** Opening Data records block **

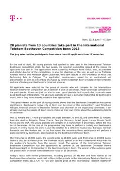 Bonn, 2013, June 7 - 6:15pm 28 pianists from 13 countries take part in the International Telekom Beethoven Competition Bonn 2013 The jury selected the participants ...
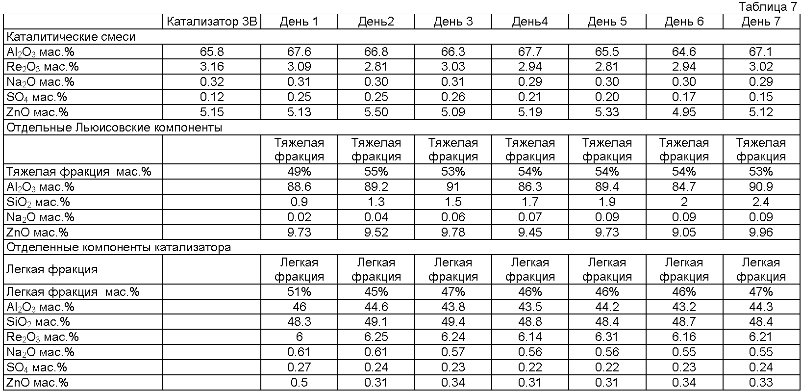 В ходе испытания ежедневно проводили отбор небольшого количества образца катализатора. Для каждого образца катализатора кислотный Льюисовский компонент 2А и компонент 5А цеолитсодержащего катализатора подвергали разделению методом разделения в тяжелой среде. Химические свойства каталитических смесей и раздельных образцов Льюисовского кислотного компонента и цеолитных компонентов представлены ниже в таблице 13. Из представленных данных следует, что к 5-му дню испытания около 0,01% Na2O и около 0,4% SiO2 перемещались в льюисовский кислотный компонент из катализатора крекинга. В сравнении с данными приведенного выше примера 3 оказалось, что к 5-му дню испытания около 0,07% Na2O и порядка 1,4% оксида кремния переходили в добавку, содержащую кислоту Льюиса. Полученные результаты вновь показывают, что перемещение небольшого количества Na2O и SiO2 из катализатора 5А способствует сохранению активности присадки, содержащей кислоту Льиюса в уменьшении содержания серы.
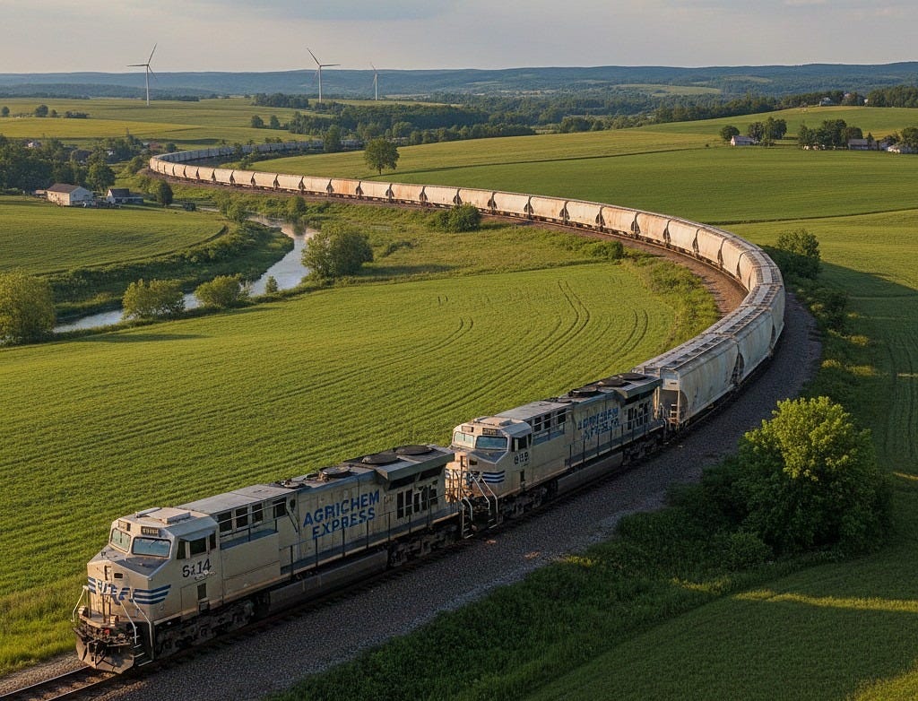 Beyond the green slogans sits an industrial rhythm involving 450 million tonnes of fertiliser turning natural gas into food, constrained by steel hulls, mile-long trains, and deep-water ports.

** Closing Data records block **
** Opening Data records block **

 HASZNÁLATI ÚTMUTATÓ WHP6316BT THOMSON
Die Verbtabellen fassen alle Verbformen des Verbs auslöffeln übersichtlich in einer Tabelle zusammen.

** Closing Data records block **

→ What is needed:
When the line with "HASZNÁLATI ÚTMUTATÓ WHP6316BT THOMSON" is reached in the data above, start copying there, and copy each line exactly until the line with "Die Verbtabellen fassen" has been copied; copy nothing else.

→ Result:
 HASZNÁLATI ÚTMUTATÓ WHP6316BT THOMSON
Die Verbtabellen fassen alle Verbformen des Verbs auslöffeln übersichtlich in einer Tabelle zusammen.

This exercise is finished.